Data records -
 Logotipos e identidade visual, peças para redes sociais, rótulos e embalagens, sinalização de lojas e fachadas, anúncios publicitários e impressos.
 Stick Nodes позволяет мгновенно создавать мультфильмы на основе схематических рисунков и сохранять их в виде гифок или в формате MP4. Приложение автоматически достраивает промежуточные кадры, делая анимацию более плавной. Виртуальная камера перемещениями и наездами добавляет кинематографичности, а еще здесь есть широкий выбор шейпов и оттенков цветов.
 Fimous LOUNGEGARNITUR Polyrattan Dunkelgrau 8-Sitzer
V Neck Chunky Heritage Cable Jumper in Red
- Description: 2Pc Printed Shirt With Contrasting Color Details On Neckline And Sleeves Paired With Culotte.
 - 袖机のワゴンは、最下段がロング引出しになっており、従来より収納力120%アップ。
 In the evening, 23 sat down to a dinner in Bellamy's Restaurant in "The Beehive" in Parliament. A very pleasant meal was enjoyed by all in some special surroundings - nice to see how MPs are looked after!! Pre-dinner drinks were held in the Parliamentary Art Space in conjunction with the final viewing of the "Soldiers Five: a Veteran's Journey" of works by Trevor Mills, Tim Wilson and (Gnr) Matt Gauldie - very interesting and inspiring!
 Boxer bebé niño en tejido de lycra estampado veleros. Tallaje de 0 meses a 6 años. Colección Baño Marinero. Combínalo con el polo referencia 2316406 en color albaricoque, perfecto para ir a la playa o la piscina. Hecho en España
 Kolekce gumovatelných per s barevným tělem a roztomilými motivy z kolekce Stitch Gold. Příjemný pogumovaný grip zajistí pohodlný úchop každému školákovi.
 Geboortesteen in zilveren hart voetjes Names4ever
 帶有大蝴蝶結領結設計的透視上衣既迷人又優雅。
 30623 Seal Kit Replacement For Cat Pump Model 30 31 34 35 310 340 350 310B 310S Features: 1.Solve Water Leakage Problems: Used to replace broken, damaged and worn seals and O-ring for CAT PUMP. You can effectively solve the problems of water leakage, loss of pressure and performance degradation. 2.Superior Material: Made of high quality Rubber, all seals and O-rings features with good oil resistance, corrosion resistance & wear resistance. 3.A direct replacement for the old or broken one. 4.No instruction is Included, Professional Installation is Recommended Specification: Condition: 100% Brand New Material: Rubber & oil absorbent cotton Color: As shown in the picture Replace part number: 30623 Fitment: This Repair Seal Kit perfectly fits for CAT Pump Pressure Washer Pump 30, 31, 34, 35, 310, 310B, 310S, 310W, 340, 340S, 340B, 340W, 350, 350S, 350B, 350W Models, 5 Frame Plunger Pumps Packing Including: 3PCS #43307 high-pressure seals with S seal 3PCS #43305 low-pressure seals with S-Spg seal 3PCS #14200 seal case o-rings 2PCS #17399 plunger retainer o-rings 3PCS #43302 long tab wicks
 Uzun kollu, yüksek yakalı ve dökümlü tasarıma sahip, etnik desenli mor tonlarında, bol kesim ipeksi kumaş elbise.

Task statement - Word for word, please print every line from the beginning of the records to the line bearing "Boxer bebé niño", counting both ends and stopping there.

Exercise solution -
 Logotipos e identidade visual, peças para redes sociais, rótulos e embalagens, sinalização de lojas e fachadas, anúncios publicitários e impressos.
 Stick Nodes позволяет мгновенно создавать мультфильмы на основе схематических рисунков и сохранять их в виде гифок или в формате MP4. Приложение автоматически достраивает промежуточные кадры, делая анимацию более плавной. Виртуальная камера перемещениями и наездами добавляет кинематографичности, а еще здесь есть широкий выбор шейпов и оттенков цветов.
 Fimous LOUNGEGARNITUR Polyrattan Dunkelgrau 8-Sitzer
V Neck Chunky Heritage Cable Jumper in Red
- Description: 2Pc Printed Shirt With Contrasting Color Details On Neckline And Sleeves Paired With Culotte.
 - 袖机のワゴンは、最下段がロング引出しになっており、従来より収納力120%アップ。
 In the evening, 23 sat down to a dinner in Bellamy's Restaurant in "The Beehive" in Parliament. A very pleasant meal was enjoyed by all in some special surroundings - nice to see how MPs are looked after!! Pre-dinner drinks were held in the Parliamentary Art Space in conjunction with the final viewing of the "Soldiers Five: a Veteran's Journey" of works by Trevor Mills, Tim Wilson and (Gnr) Matt Gauldie - very interesting and inspiring!
 Boxer bebé niño en tejido de lycra estampado veleros. Tallaje de 0 meses a 6 años. Colección Baño Marinero. Combínalo con el polo referencia 2316406 en color albaricoque, perfecto para ir a la playa o la piscina. Hecho en España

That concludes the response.